Perioperative care of the pediatric cardiac surgical patient requires a multidisciplinary team that includes cardiologists, cardiothoracic surgeons, anesthesiologists, and intensivists as well as multiple other support staff. A well-functioning system requires coordinated effort and communication. This chapter focuses on common perioperative critical care challenges encountered in the care of pediatric cardiac surgical patients, with emphasis on physiologic basis, diagnosis, and treatment.
Management of children with congenital heart disease (CHD) requires an understanding of neonatal/pediatric cardiopulmonary physiology and how this differs from the adult. First, neonatal and pediatric cardiac output (CO) is significantly more reliant on heart rate (vs stroke volume) than in the adult patient. As such, these patients will maintain a “normal” blood pressure despite impending shock by increasing heart rate to maintain CO. The neonatal and pediatric myocardium is less compliant (compared to an older child or adult) and is less tolerant of changes in preload and afterload. Oxygen consumption is also increased compared with adult patients, and lung volumes are obviously smaller. In order to maintain oxygen supply in the face of increased consumption with smaller lung volumes, minute ventilation is increased with higher respiratory rates. In addition, infants breathe below their functional residual capacity (FRC), and lung units are collapsed and reopened with each breath. This unique physiology results in low tolerance to apnea and very rapid desaturation.
Neonates also have potential for labile pulmonary vascular resistance (PVR) as they transition from fetal to newborn circulation in the first few days of life. Furthermore, neonatal pulmonary physiology differs from that of an older child because of the increased chest wall compliance, reliance on the diaphragm for optimal mechanics, and increased propensity for atelectasis. The preoperative management of neonates with significant unrepaired CHD requires an understanding of both general neonatal cardiopulmonary physiology as well as the specific impact of the particular lesion(s).
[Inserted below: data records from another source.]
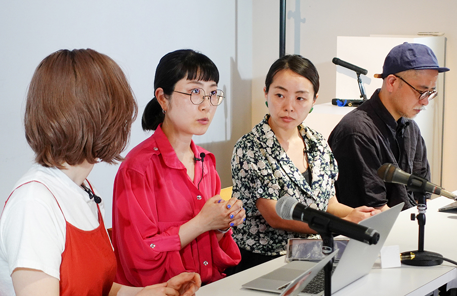 さまざまなフィールドでアートディレクション経験をもつ3名が登壇。トップバッターの森からは、クライアントやプロジェクトチーム全体で合意形成をとりながらクリエイティブを導く方法。ビジュアル表現を得意とする鹿児島は、一貫したコンセプトに基づいた世界観づくりのプロセス。エディトリアルデザインを長く経験した青木は、情報構造を意識した誌面デザインと後輩デザイナーへのフィードバック方法など、それぞれが実例を元に語りました。質疑応答では、アートディレクターのセカンドキャリアについて話題が発展する場面も。参加者から「ビジュアルだけでないコアな部分へのかかわりをすることで、ADの働き方の幅を広げていけるのだなと思いました(一部省略)」といった声も寄せられ、アートディレクションの可能性が感じられるプログラムとなりました。
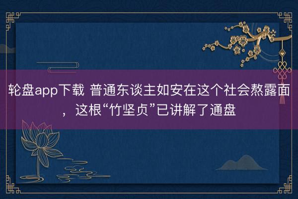轮盘app下载 普通东谈主如安在这个社会熬露面,这根“竹坚贞”已讲解了通盘
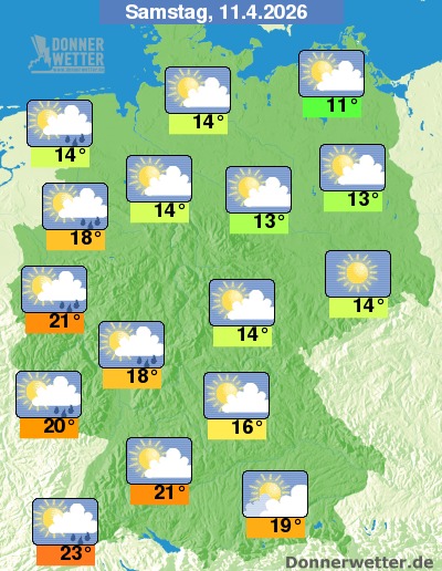 | Am Donnerstag teils heiter, teils mehr oder auch dichte Wolken, trocken, 10 bis 22 Grad. |
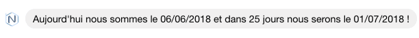 Si vous utilisez la variable de cette façon : {{bn_date_TodayYMDT}}, le chatbot affichera la date format « informatique » (base de données) + heure : « 2020/06/27 21:10 »
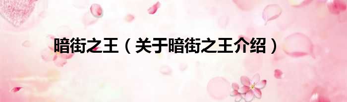 免责声明:本文由用户上传,如有侵权请联系删除!大家好,小钱来为大家解答以上的问题。暗街之王,关于暗街之王介绍这个很多人还不知道,现在让我们一起来看看吧!
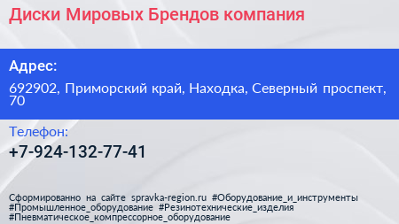 Диски Мировых Брендов, компания по адресу 692902, Приморский край, Находка, Северный проспект, 70 в дальнейшем Организация, размещена в следующих категориях:
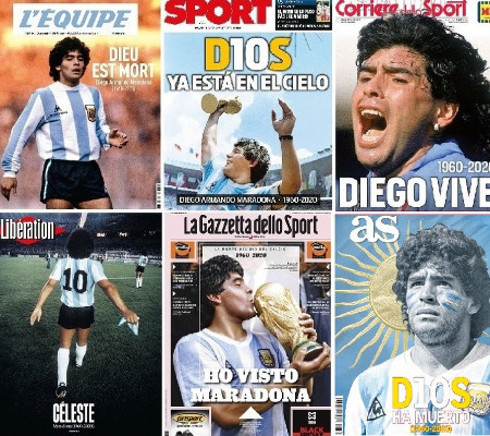 Falecimento do ídolo argentino é destaque em todo o mundo e domina a imprensa esportiva
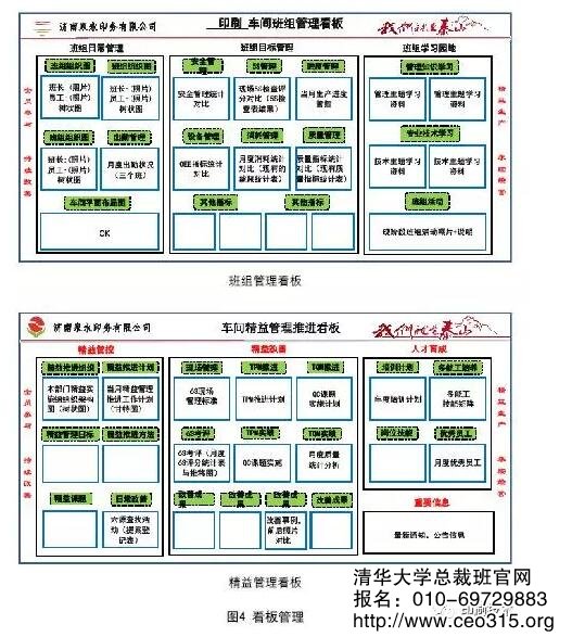 看板管理是一種以公開化和視覺顯示為特征的管理方式。利用視覺感知信息,組織現場生產活動,達到提高管理效率的目的。我公司根據產品主要工序和區域分類,將看板放置在不同車間,分別為印刷車間、燙模車間和印后車間。每個車間放置兩個看板,根據放置看板內容的不同,又分為班組管理看板和精益管理看板,如圖4所示。班組管理看板和精益管理看板分別涵蓋3大模塊內容。
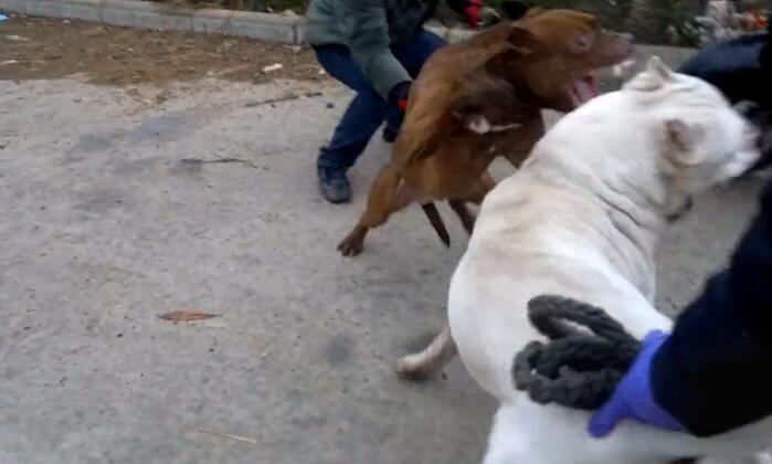 在主人不断地怂恿,教导,各种怒吼之下,比特的斗志被燃起了,直接朝着杜高咬去。
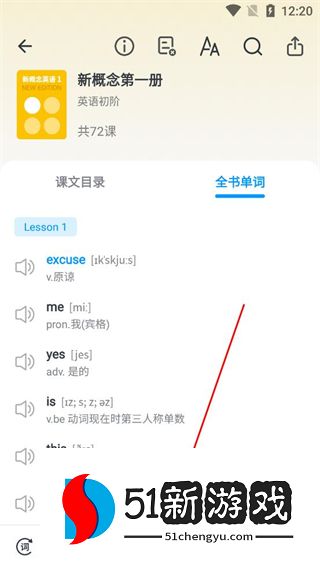 4、切换到全书单词页面查看Lesson1的单词列表,点击播放按钮,收听单词的发音进行学习。

Although the majority of preoperative care of the pediatric patient with CHD is in the outpatient setting, the neonate with significant unrepaired CHD may require intensive care assessment and monitoring. Goals of preoperative care include optimization of hemodynamics to ensure adequate CO and normal end-organ function while awaiting corrective or palliative neonatal surgery.
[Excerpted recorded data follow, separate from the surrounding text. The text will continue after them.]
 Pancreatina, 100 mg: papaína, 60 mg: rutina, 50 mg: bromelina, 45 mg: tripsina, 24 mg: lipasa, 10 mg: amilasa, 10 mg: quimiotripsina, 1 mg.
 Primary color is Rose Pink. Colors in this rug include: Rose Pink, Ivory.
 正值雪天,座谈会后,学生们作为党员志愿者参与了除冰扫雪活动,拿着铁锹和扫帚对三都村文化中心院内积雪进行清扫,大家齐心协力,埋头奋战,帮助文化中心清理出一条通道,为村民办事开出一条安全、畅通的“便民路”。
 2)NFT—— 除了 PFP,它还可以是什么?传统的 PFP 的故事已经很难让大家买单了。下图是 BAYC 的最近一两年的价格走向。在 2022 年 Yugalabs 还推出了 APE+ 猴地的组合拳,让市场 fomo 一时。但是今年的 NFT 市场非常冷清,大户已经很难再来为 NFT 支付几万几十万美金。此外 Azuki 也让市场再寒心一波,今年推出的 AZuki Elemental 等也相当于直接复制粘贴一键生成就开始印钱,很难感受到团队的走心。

In general, infants requiring neonatal surgery can usually be classified into three preoperative “states”: single ventricle (SV) physiology, transposition physiology, and ductal-dependent pulmonary or systemic blood flow.
Many complex congenital heart lesions have SV physiology, where there is complete mixing of systemic and pulmonary venous return and thus aortic (AO) saturation equals pulmonary artery (PA) saturation. The total ventricular output is divided between two competing parallel circuits whose flow (pulmonary/systemic) is determined by the resistances of each system. Hypoplastic left heart syndrome (HLHS) typifies SV physiology. Acceptable balance between pulmonary and systemic outputs will provide enough pulmonary blood flow for adequate oxygen delivery without excessive volume load on the SV as well as adequate systemic output and end-organ function. However, since the two circuits are in parallel, too much blood flow to one system occurs at the expense of the other. The neonate with HLHS requires an unrestrictive atrial-level communication to unload the left atrium and ductal patency [via prostaglandin (PGE1) infusion] to maintain systemic outflow. Too much pulmonary blood flow, manifested as “high saturations,” will occur at the expense of systemic output; these infants are at risk for renal insufficiency (due to decreased renal perfusion) and necrotizing enterocolitis (due to decreased splanchnic perfusion).
Transposition of the great arteries (TGA), where the aorta arises from the right ventricle (RV) and the PA arises from the left ventricle (LV) (PA saturation is greater than the AO saturation) mandates mixing. This intercirculatory mixing can occur at any of the following levels: intracardiac (via a patent foramen ovale, atrial septal defect or ventricular septal defect) and/or extracardiac (via patent ductus arteriosus). Effective pulmonary blood flow (net volume of blood flow passing from systemic circulation to pulmonary circulation, the anatomic right-to-left shunt) and effective systemic blood flow (net volume of blood flow passing from pulmonary circulation to systemic circulation, the anatomic left-to-right shunt) is the intercirculatory mixing upon which survival depends. Extracardiac intercirculatory mixing is maintained by ductal patency with a PGE1 infusion, while inadequate intracardiac mixing is palliated with a balloon atrial septostomy (BAS) when needed.
Finally, lesions where either pulmonary or systemic blood flow depends on ductal patency require a PGE1 infusion until palliative or corrective neonatal surgery takes place. Ductal-dependent pulmonary blood flow lesions include tetralogy of Fallot with severe right ventricular outflow obstruction, tetralogy of Fallot with pulmonary atresia, and critical pulmonary stenosis. Critical coarctation of the aorta is another example of a lesion associated with ductal-dependent systemic blood flow.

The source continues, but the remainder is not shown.